[[ Records provided open ]]
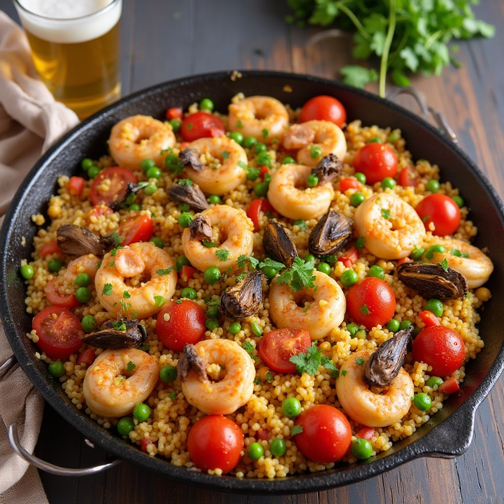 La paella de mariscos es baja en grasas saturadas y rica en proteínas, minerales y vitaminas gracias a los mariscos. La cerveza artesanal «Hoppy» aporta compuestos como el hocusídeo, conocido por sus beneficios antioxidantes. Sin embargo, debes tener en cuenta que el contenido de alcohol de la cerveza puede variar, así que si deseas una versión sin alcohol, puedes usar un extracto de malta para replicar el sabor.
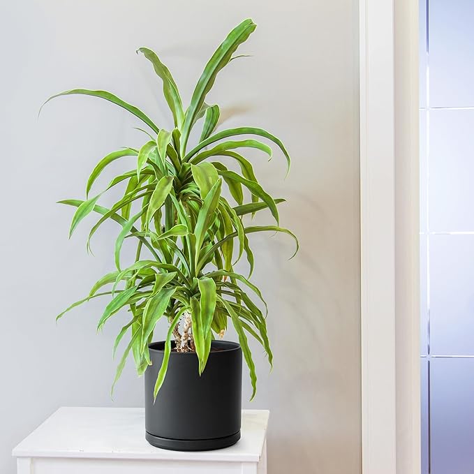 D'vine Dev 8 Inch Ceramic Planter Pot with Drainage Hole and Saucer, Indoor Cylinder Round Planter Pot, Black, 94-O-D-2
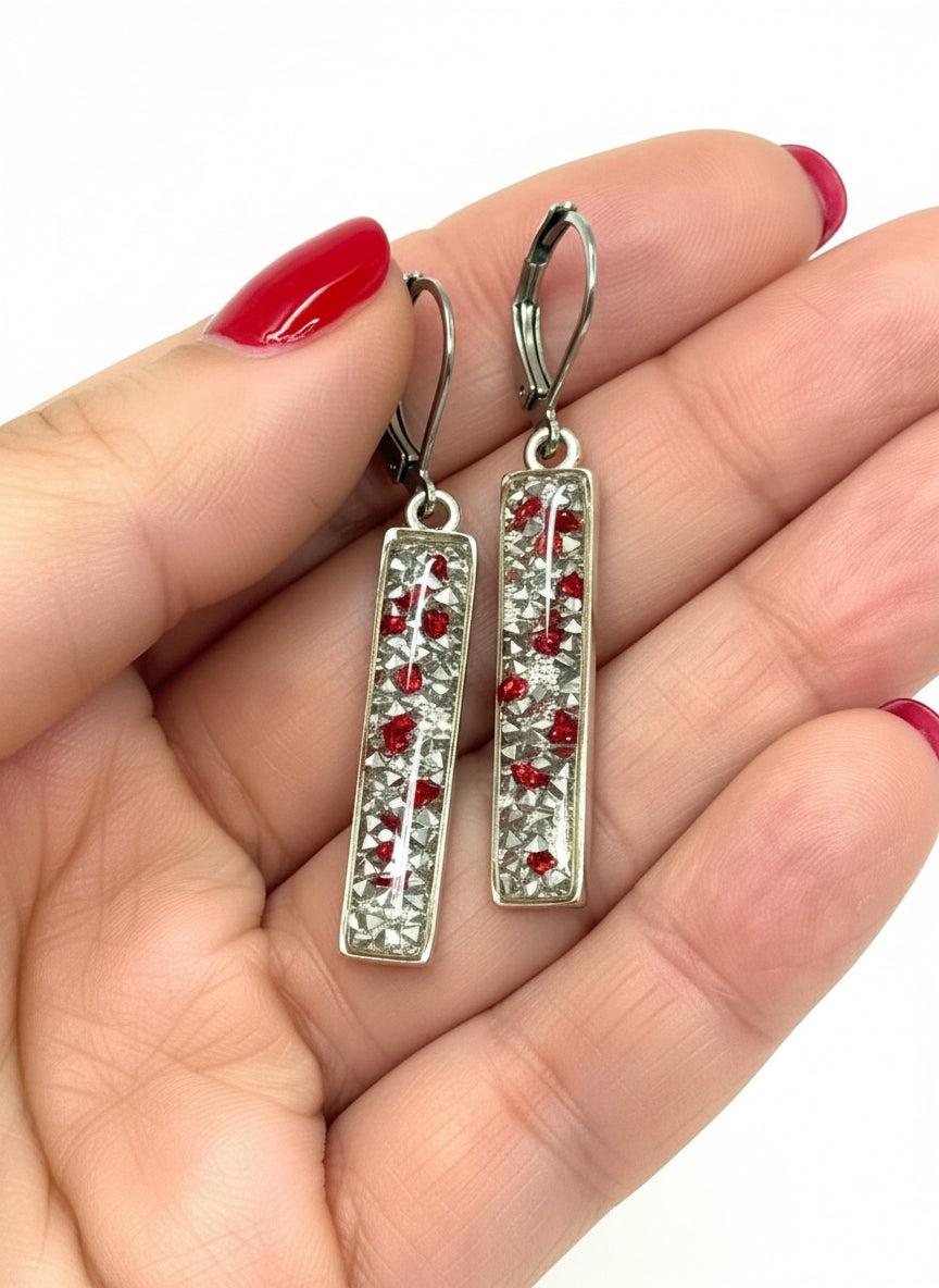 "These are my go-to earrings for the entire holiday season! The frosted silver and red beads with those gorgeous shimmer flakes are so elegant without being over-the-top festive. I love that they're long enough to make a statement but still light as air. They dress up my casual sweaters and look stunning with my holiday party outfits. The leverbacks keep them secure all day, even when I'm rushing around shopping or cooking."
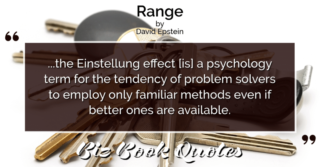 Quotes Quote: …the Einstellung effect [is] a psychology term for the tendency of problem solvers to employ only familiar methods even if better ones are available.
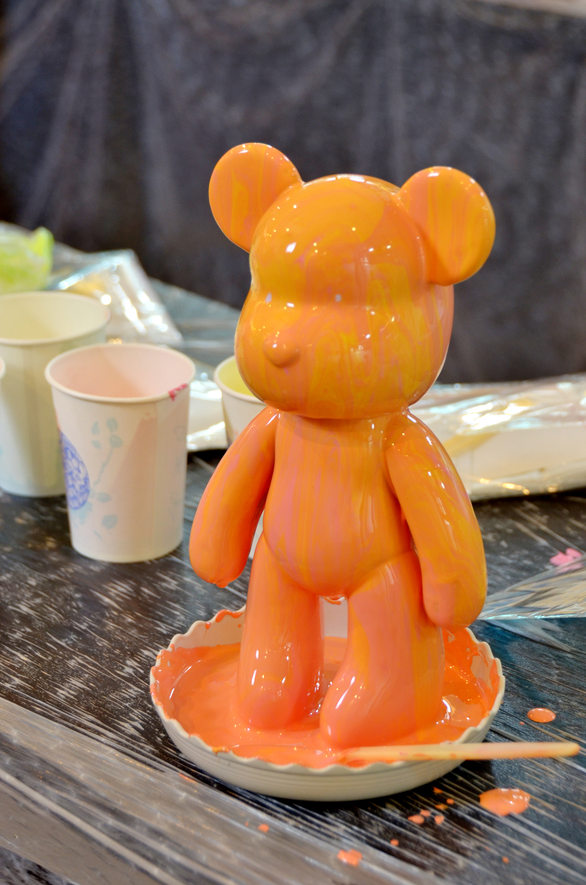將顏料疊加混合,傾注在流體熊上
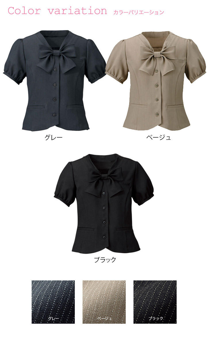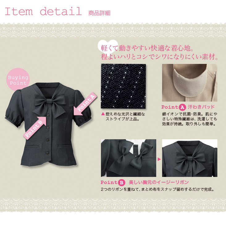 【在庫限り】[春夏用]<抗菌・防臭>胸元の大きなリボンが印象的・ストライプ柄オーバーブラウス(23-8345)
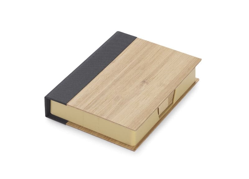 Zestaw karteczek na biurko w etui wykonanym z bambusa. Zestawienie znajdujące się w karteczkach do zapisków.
[[ Records provided closed ]]
[[ Records provided open ]]
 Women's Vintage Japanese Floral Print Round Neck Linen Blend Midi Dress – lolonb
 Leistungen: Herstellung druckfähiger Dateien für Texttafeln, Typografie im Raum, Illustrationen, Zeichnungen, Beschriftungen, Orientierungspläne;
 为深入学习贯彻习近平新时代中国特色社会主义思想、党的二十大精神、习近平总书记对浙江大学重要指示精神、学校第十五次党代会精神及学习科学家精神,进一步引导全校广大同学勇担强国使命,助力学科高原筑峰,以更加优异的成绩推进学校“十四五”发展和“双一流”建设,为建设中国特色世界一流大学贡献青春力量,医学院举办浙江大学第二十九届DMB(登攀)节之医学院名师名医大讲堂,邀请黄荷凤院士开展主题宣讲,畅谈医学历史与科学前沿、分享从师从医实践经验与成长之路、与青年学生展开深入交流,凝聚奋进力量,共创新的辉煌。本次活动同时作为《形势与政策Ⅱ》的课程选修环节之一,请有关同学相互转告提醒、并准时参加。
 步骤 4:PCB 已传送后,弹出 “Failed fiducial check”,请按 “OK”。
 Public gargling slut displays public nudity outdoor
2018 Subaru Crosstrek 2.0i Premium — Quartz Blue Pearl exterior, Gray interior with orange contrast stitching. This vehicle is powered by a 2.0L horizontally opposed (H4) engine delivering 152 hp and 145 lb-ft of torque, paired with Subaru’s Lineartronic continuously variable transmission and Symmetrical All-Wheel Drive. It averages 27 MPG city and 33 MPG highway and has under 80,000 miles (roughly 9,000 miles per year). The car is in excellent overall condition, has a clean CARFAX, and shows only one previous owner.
[[ Records provided closed ]]
[[ Records provided open ]]
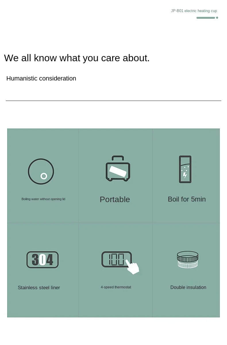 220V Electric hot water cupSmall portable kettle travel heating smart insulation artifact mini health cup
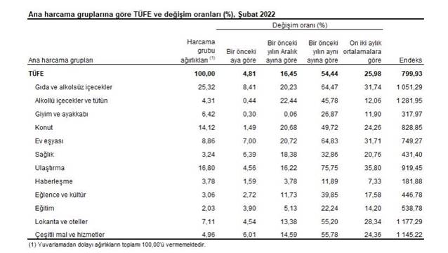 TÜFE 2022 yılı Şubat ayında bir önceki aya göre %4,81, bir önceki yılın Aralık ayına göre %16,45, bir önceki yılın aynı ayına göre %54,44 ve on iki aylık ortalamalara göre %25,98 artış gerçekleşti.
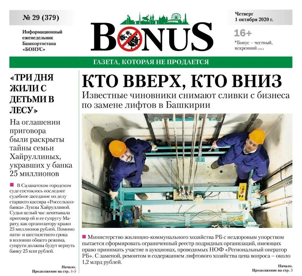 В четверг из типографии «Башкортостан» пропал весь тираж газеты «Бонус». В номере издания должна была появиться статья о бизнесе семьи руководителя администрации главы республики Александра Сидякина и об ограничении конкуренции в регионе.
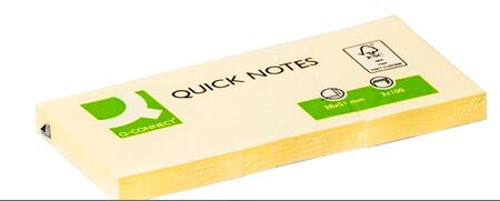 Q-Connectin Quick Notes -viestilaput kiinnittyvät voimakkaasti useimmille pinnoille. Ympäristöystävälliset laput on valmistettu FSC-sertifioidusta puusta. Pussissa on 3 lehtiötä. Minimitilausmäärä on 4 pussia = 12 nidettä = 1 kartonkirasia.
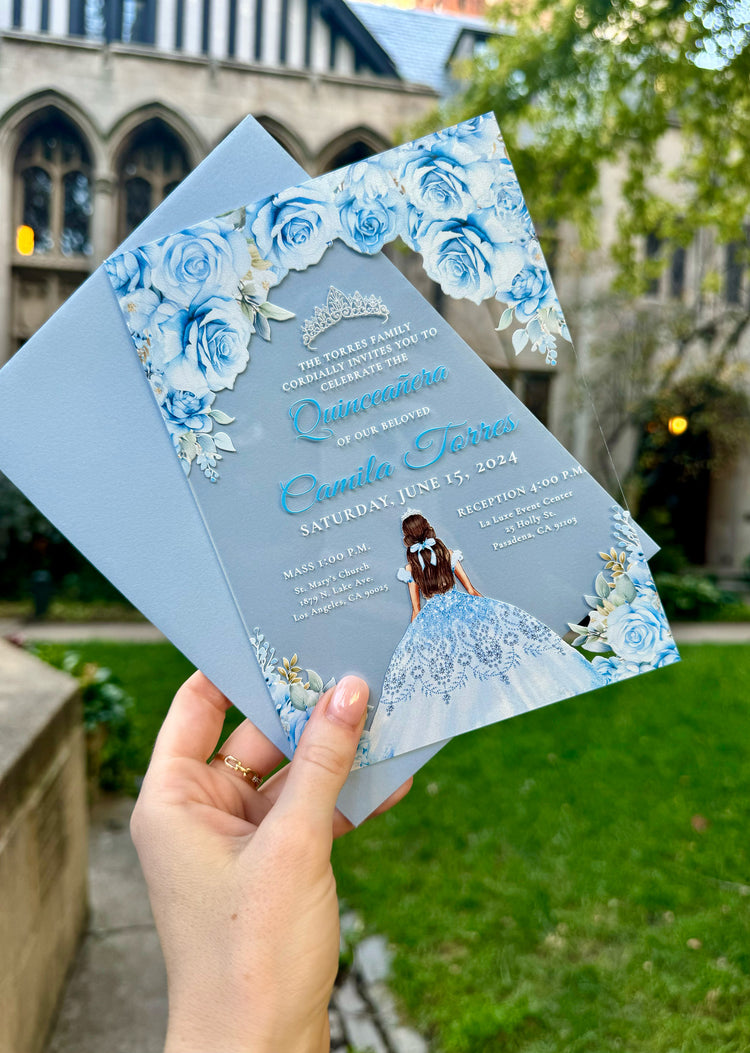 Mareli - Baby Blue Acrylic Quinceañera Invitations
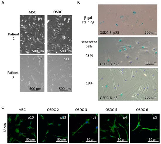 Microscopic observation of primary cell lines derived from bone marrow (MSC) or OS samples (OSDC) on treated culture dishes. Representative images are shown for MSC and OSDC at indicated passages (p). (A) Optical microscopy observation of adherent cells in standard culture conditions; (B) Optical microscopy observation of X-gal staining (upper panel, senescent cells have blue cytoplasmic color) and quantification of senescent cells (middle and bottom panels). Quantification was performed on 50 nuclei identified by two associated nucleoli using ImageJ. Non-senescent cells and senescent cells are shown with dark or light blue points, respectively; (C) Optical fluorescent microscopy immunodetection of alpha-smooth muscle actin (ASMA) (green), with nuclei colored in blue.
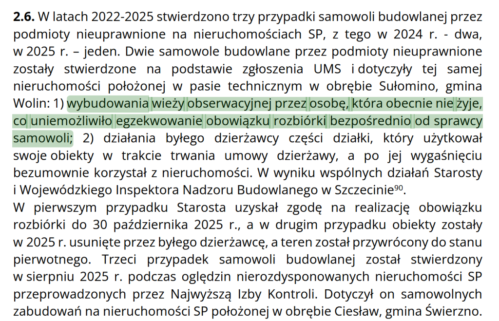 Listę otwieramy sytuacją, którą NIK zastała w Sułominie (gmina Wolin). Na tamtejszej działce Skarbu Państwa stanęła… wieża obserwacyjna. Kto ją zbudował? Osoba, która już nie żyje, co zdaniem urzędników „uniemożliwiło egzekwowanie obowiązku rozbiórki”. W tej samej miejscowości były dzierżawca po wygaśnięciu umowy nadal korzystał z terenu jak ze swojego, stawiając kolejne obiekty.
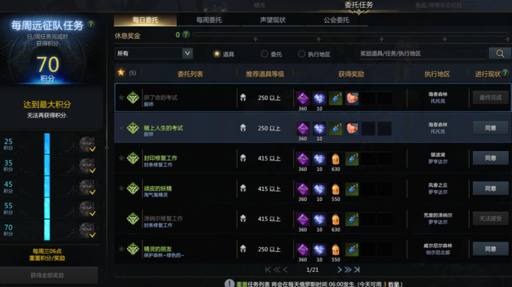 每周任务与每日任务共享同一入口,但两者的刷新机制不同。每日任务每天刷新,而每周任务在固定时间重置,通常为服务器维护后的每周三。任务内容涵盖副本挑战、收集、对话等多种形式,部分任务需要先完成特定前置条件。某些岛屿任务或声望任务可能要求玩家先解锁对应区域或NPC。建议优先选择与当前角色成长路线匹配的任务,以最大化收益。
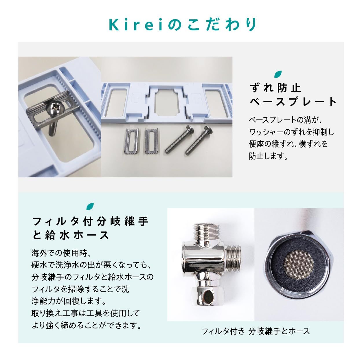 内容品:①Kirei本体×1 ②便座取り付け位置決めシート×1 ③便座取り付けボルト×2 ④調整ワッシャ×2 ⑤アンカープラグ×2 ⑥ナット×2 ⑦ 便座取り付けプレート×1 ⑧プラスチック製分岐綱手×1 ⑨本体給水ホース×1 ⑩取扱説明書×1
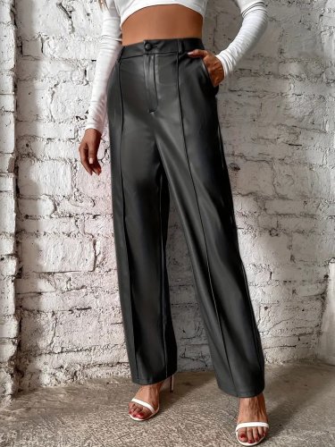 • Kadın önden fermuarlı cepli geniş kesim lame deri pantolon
[[ Records provided closed ]]
_What the task requires_:
Once you find the line with "Leistungen: Herstellung druckfähiger" above, print it and every line after it up to and including the line with "2018 Subaru Crosstrek", exactly as written and nothing else.

_Response area_:
 Leistungen: Herstellung druckfähiger Dateien für Texttafeln, Typografie im Raum, Illustrationen, Zeichnungen, Beschriftungen, Orientierungspläne;
 为深入学习贯彻习近平新时代中国特色社会主义思想、党的二十大精神、习近平总书记对浙江大学重要指示精神、学校第十五次党代会精神及学习科学家精神,进一步引导全校广大同学勇担强国使命,助力学科高原筑峰,以更加优异的成绩推进学校“十四五”发展和“双一流”建设,为建设中国特色世界一流大学贡献青春力量,医学院举办浙江大学第二十九届DMB(登攀)节之医学院名师名医大讲堂,邀请黄荷凤院士开展主题宣讲,畅谈医学历史与科学前沿、分享从师从医实践经验与成长之路、与青年学生展开深入交流,凝聚奋进力量,共创新的辉煌。本次活动同时作为《形势与政策Ⅱ》的课程选修环节之一,请有关同学相互转告提醒、并准时参加。
 步骤 4:PCB 已传送后,弹出 “Failed fiducial check”,请按 “OK”。
 Public gargling slut displays public nudity outdoor
2018 Subaru Crosstrek 2.0i Premium — Quartz Blue Pearl exterior, Gray interior with orange contrast stitching. This vehicle is powered by a 2.0L horizontally opposed (H4) engine delivering 152 hp and 145 lb-ft of torque, paired with Subaru’s Lineartronic continuously variable transmission and Symmetrical All-Wheel Drive. It averages 27 MPG city and 33 MPG highway and has under 80,000 miles (roughly 9,000 miles per year). The car is in excellent overall condition, has a clean CARFAX, and shows only one previous owner.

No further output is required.